For cultivation of E. coli, LB medium (24) was
used; TY medium (3) was used for growth of R. leguminosarum biovar trifolii, P. fluorescens, and
B. megaterium. An overnight culture of each of those
bacteria was pelleted by centrifugation and dissolved in sterile Milli
Q water. The cell suspensions were adjusted to an optical density of
2.0 at 620 nm by dilution in sterile Milli Q water and stored at
20°C until use (36).
DNA isolation.
Total genomic DNA was purified by the 10%
cetyltrimethylammonium bromide-1 M NaCl procedure used for bacterial
DNA extraction (29), with the only modification that 10%
N-lauroylsarcosine was used instead of 10% sodium dodecyl
sulfate and a phenol extraction was included prior to the
phenol-chloroform extraction.
Oligonucleotide primers and PCR amplifications.
The
sequences of the oligonucleotide primers used for PCR are listed in
Table 2. The primers were synthesized by
Eurogentec (Seraing, Belgium). The STRR and LTRR primer sequences were
checked for homology to any other known sequences deposited in the
available database, using the FASTA option (26). The REP and
ERIC primers have been described by Versalovic et al. (35),
and the PCR conditions for these primers were as specified by de Bruijn
(6). For the STRR primers, the cycles were as follows: 1 cycle at 95°C for 6 min; 30 cycles of 94°C for 1 min, 56°C for 1 min, and 65°C for 5 min; 1 cycle at 65°C for 16 min; and a final
step at 4°C. For the LTRR primers, the program was the same except
that the annealing temperature was optimized to 45°C for 1 min with
an extension at 65°C for 5 min. All the PCRs were carried out in a
25-µl volume containing 50 pmol of each primer, 1.25 mM
deoxynucleoside triphosphate, 50 ng of template DNA or 1 µl of cell
suspension of the control bacteria, and 1 U of DNA polymerase (DynaZyme
[Oy, Espoo, Finland] for the STRR-PCR and TaKaRa [Ex Taq, Otsu,
Shiga, Japan] for the LTRR-PCR). Buffers supplied with the respective
enzymes were used according to the manufacturer's directions. The DNA
amplification was performed in a PTC-100 Programmable Thermal
Controller (MJ Research Inc., Watertown, Mass.). After the reaction, 8 µl of amplified DNA was separated on 1.5% agarose gels (Promega,
Madison, Wis.), stained with ethidium bromide, and recorded with an
Eagle Eye II still video system (Stratagene, La Jolla, Calif.). All PCRs were performed at least three independent times.

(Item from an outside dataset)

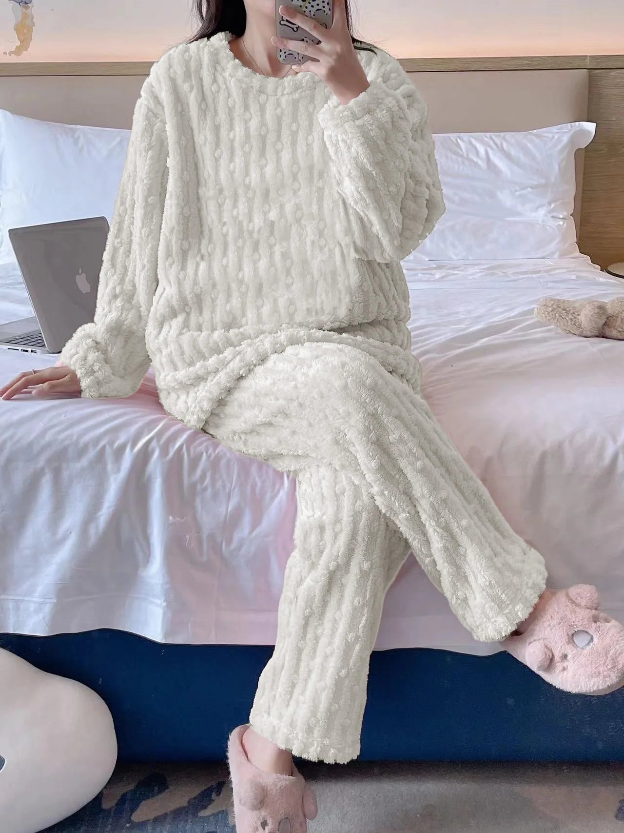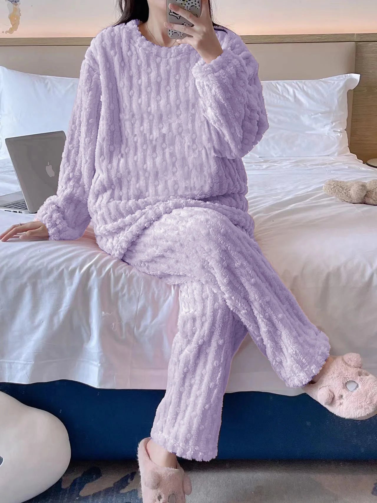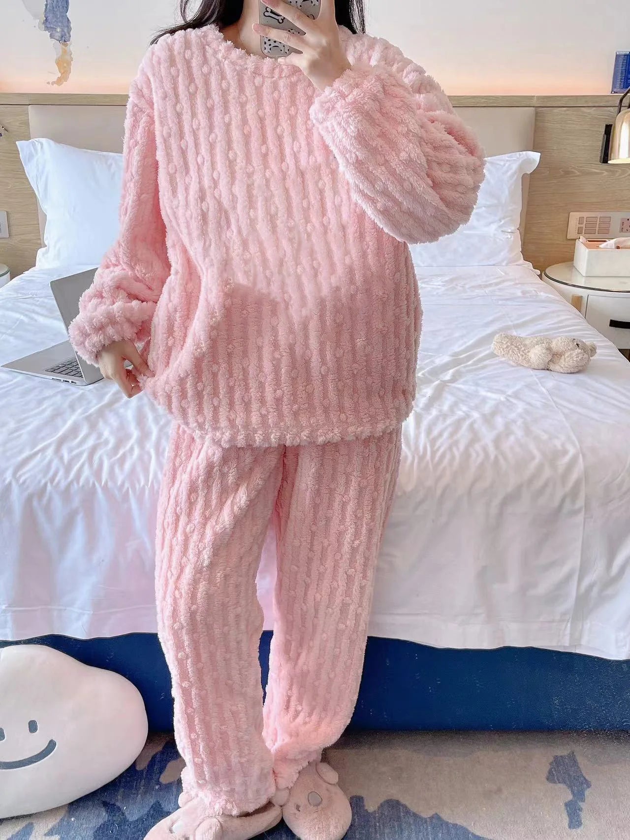 Autumn Winter Plush Sleepwear Women Cute Cartoon round Neck Coral Fleece Striped Embroidery Warm Home Clothes Cozy Set

PCR amplification on intact filaments and cells.
The
cyanobacteria were pelleted by centrifugation and washed twice in
sterile Milli Q water. Finally, the pellet was dissolved in an
appropriate volume of sterile water to ensure that at least a few
filaments or cells were present in 1 µl, which was used directly as a
template for the PCR as described above. All PCRs were performed at
least three independent times.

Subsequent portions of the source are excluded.